Just wanted to be sure that was clear. Carry on.
Rohrabacher's beef is with Bush
Cook is an expert in the field and she has no doubt forgotten more than Rohrabacher will ever even try to know about energy
There he goes again; why is Dana Rohrabacher so disingenuous?
Does anyone really buy his Trojan horse scheme? He would probably put condos on Mount Rushmore if he was given half a chance. He has been in D.C. far too long and has never met a developer or lobbyist he does not like.
Even Green projects should and must pass sensible screening and common sense scrutiny.
This is why I will vote for the modern, mainstream leadership that Debbie Cook represents. We need a visionary representative that will protect our economy as well as the environment and ensure the future health and safety of our families.
Dana Rohrabacher is just more of the same old out of touch insider politics that is destroying our hopes and dreams and compromising this nation’s greatness and everything we have all worked so hard to accomplish.

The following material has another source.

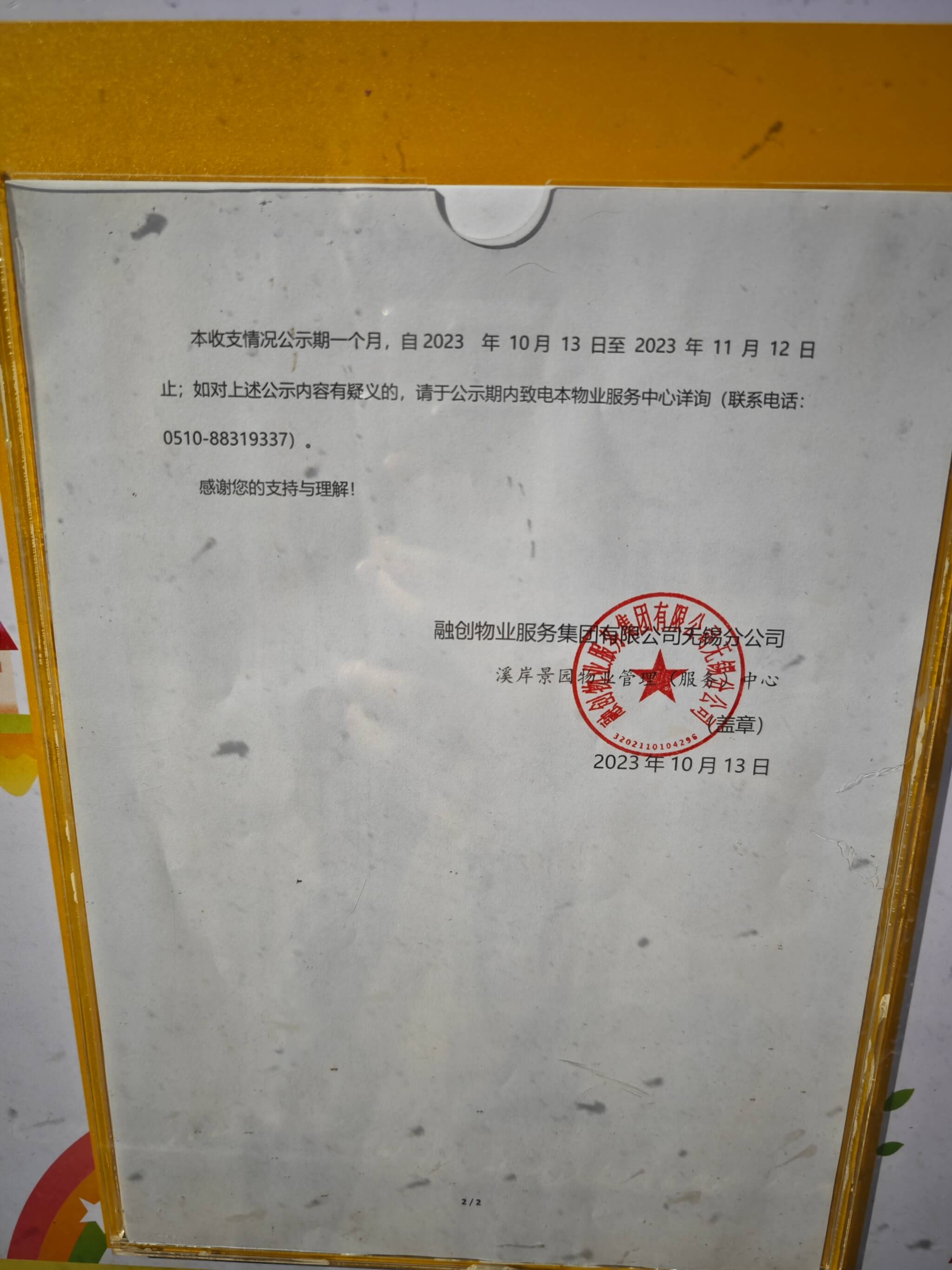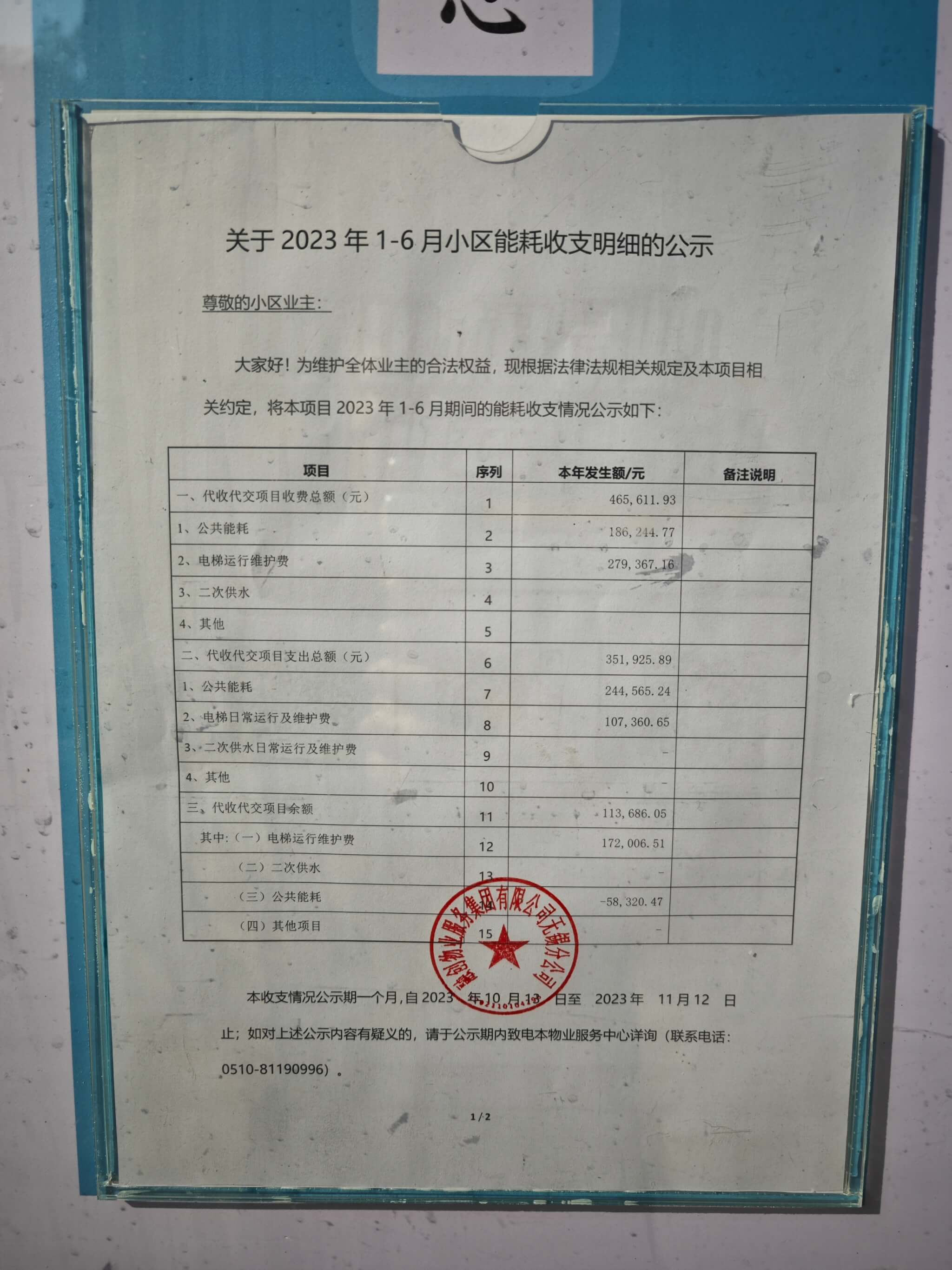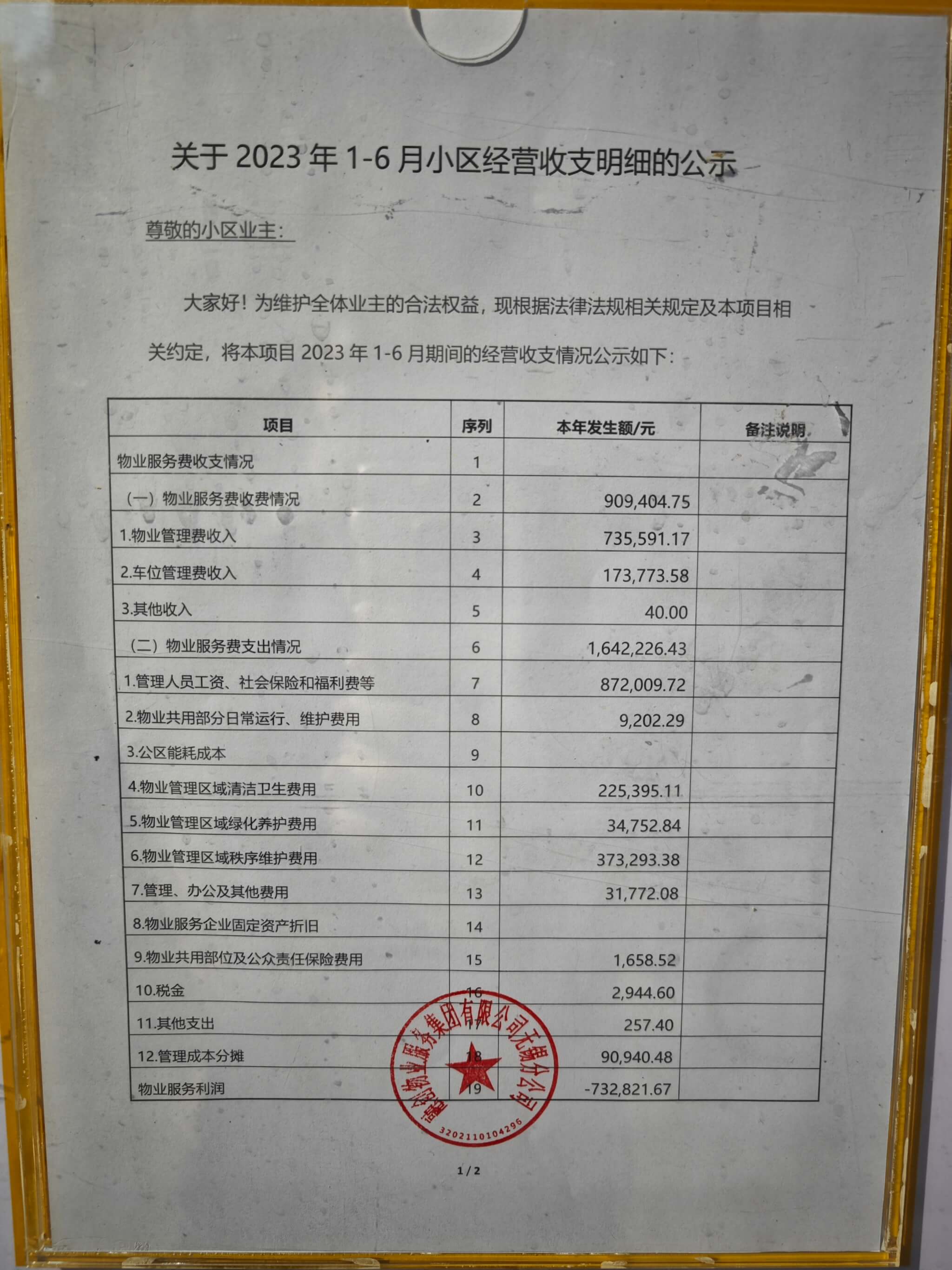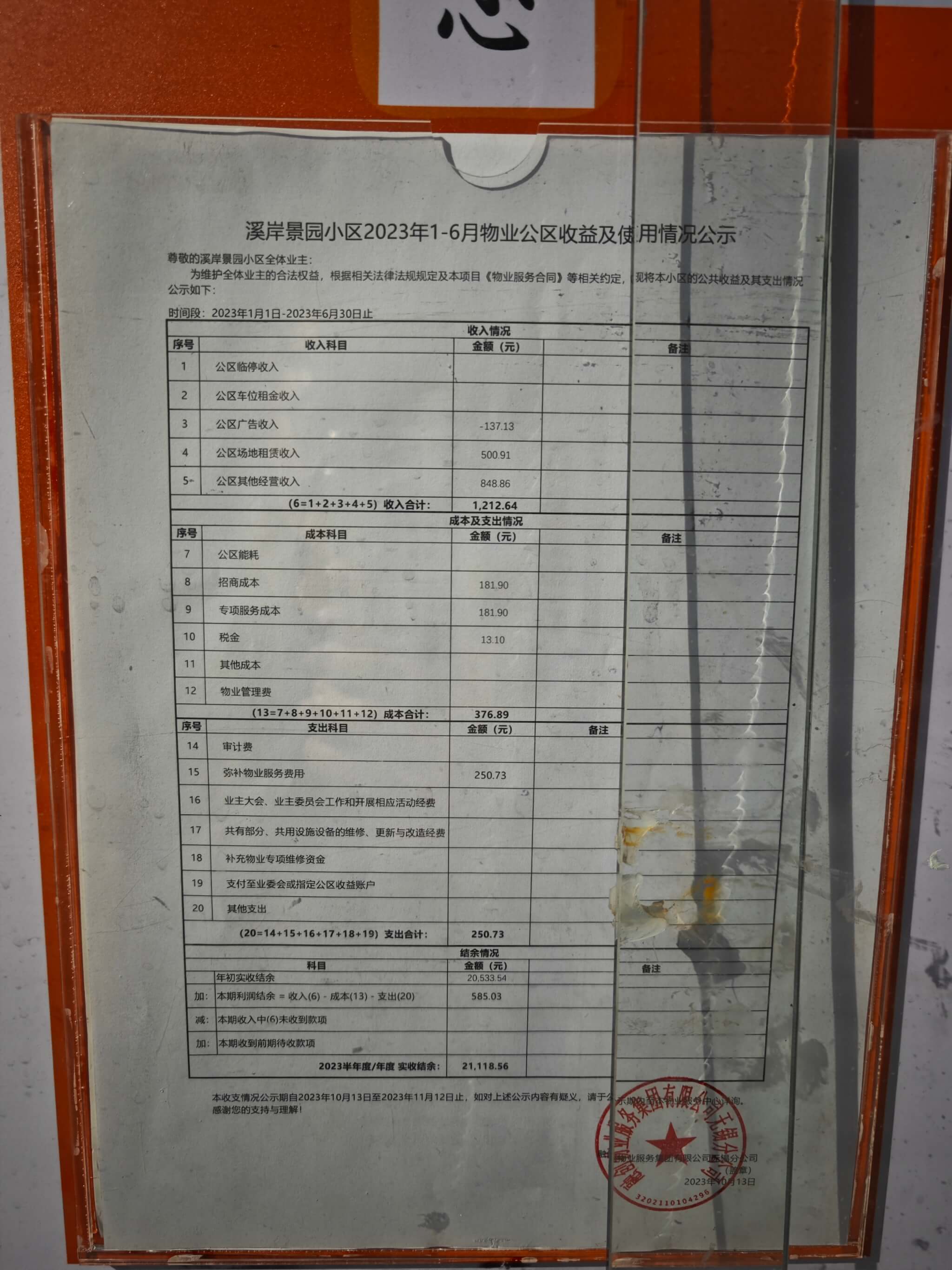 关于23年1-6月小区财务状况物业公示答复情况

So, “Rohrabacher thinks he has a partial solution to America’s dependence on high-priced foreign oil?” Interesting! “He thinks” means he’s not sure. “Partial” means what, half, or less than half? A partial solution means he is trying to advance his own agenda with a lack of substance predicated on lies. He’s incapable of coming up with a full solution to anything; he doesn’t think that far ahead on critical issues. This is just another example of Rohrabacher and his feeble minded supporters offering up lies to pad his paltry re-election campaign with some last minute hype. Debbie Cook supports solar power (energy), e.g., streamlining projects that are important and critical to the future of our energy, yet realizing the significant impacts to the environment. She has a long history of environmental activism; not an overnight claim. She is committed to protecting and improving the environment the right way, i.e., presenting a balanced solution to the problem, of which she is exceptionally capable of doing for the betterment of all. If Rohrabacher doesn’t have a full solution to the problem, he should not be placing blame.